For women with ductal carcinoma in situ, the risk for developing subsequent ipsilateral in situ and invasive breast cancer is lower for those receiving breast-conserving surgery and radiotherapy than for those receiving surgery alone, according to a study presented at the annual European Breast Cancer Conference, held virtually from Oct. 2 to 3.

FRIDAY, Oct. 16, 2020 (HealthDay News) -- For women with ductal carcinoma in situ (DCIS), the risk for developing subsequent ipsilateral in situ (iDCIS) and invasive breast cancer (iBC) is lower for those receiving breast-conserving surgery (BCS) and radiotherapy than for those receiving surgery alone, according to a study presented at the annual European Breast Cancer Conference, held virtually from Oct. 2 to 3.

Maartje van Seijen, from the Antoni van Leeuwenhoek Hospital in the Netherlands, and colleagues examined the long-term risk for iDCIS and invasive lesions after a diagnosis of primary DCIS. The cohort included 10,051 women with DCIS with a median follow-up of 15.7 years.

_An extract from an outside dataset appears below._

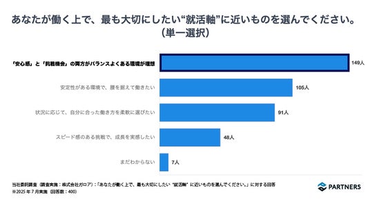 「あなたが働く上で、最も大切にしたい“就活軸”」を尋ねたところ、「安心感と挑戦機会のバランスが取れた環境が理想」という選択肢が最も多く選ばれました。

The researchers found that after 20 years of follow-up, the cumulative incidence of iBC was 2.0 percent after mastectomy, 11.6 percent after BCS plus radiotherapy, and 17.5 percent after BCS only. The 20-year cumulative incidence of iDCIS was 6.1 and 12.3 percent after BCS plus radiotherapy and after BCS alone. Compared with those who also received radiotherapy, those treated with BCS alone had an increased risk for developing iDCIS and iBC in the first five years of follow-up (hazard ratios, 3.3 and 4.1). After 10 years of follow-up, this risk difference stabilized.

"The risk of DCIS or invasive cancer recurring in these women will diminish over time, whether they had just the breast-sparing surgery or breast-sparing surgery with radiotherapy. This study shows that, overall, the addition of radiotherapy gives women the best chances," van Seijen said in a statement.